I have written here before about Dacher Keltner’s remarkable book Awe: The New Science of Everyday Wonder and How It Can Transform Your Life. It was a great launch pad for my study of awe last year. This year, as I investigate the meaning and power of hope, I have returned to the book with new eyes. Among the most astonishing of Keltner’s findings is that a key driver of awe for people all over the world is a phenomenon that Keltner terms “moral beauty, i.e., encountering courage, goodness, or kindness.” Witnessing these core virtues expressed in the actions of those around us is, he learned, the most common way that ordinary people report experiencing awe.

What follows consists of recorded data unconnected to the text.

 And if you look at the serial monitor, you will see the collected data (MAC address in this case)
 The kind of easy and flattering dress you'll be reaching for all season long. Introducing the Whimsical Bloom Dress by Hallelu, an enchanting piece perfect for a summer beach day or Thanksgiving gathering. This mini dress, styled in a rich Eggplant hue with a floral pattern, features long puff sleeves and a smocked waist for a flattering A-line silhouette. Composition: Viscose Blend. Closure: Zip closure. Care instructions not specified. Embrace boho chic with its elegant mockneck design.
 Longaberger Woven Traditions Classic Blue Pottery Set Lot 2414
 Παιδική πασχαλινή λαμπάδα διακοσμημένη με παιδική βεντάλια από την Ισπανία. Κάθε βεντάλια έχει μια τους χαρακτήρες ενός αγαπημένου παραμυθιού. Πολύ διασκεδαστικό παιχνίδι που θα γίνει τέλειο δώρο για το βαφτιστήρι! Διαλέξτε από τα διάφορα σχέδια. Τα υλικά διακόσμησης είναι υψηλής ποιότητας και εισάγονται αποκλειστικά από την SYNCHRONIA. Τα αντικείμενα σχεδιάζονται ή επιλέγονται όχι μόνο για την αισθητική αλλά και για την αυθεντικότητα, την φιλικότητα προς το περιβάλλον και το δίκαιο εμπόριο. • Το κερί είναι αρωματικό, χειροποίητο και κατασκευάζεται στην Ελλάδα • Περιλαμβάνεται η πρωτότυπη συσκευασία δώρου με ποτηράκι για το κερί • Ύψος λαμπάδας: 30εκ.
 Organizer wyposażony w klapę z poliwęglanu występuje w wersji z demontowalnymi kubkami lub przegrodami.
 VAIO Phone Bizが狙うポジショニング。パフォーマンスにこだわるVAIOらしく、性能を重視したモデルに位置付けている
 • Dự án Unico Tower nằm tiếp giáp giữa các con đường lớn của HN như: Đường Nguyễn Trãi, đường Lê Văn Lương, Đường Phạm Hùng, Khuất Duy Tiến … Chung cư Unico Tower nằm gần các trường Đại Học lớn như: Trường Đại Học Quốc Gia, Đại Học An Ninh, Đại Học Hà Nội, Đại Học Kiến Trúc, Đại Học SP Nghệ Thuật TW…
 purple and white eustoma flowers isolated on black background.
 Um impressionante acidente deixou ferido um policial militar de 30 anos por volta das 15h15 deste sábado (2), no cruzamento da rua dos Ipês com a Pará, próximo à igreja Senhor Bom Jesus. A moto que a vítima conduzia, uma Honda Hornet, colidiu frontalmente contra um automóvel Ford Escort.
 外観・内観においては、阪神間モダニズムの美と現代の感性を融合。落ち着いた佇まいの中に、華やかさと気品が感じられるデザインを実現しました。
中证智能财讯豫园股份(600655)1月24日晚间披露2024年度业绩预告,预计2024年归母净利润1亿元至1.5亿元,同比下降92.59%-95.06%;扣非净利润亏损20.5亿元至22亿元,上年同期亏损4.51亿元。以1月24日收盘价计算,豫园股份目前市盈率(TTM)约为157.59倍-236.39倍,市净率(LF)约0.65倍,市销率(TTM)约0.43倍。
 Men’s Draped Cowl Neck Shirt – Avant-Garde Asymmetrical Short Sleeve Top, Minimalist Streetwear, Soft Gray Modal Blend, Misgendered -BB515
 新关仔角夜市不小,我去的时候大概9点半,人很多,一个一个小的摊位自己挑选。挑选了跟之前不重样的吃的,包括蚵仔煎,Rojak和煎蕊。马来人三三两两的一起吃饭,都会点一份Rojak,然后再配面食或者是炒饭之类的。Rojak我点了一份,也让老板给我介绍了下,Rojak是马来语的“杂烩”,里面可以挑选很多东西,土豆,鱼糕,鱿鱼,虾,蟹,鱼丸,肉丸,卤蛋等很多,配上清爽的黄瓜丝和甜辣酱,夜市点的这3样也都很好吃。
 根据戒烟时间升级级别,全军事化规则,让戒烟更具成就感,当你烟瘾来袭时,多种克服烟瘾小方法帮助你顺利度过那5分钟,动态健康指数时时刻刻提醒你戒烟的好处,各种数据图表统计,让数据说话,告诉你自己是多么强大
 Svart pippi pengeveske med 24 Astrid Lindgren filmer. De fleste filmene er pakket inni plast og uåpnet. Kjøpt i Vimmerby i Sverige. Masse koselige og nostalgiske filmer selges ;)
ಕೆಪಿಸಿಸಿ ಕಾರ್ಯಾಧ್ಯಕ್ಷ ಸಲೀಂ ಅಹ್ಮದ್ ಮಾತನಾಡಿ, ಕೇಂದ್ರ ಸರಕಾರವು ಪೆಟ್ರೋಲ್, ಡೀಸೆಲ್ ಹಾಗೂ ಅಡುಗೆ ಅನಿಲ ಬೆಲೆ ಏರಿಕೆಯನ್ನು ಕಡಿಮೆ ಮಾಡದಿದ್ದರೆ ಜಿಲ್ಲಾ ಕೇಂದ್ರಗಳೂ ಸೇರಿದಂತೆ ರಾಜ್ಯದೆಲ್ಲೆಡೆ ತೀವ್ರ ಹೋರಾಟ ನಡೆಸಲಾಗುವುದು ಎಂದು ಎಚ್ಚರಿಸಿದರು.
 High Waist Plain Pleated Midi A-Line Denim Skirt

Moral beauty is also closely tied to hope. When we avoid reducing hope to a kind of magical wish fulfillment or optimistic expectation, it crystallizes instead as an inner strength. Hope is there when we act on behalf of what is good, right, and just. Especially when optimism is low and magic seems in short supply. The drive to do the right thing no matter the consequences is a deep form of hope. It requires that we affirm that something matters more deeply than the present moment and more fully than our own comfort. How lovely that we are awed to see this in the actions of others. How amazing that we seem wired to respect and esteem courage, sacrifice, and commitment to justice.
This doesn’t mean we won’t disagree about what those ultimate values are. But it does mean that we are pretty good at weeding out the cranks—those who are clearly acting out of pure self-interest, expedience, or greed—no matter how loudly they pretend to be acting for a greater good. It also means that we have a target at which to aim as we judge our own actions. We can try to exhibit more moral beauty and therefore more cause for awe as we make choices in difficult circumstances.
I’ve begun keeping an informal list of awesome examples of moral beauty around me. There’s plenty to be dismayed about right now. But there are also plenty of quiet heroes showing us the way.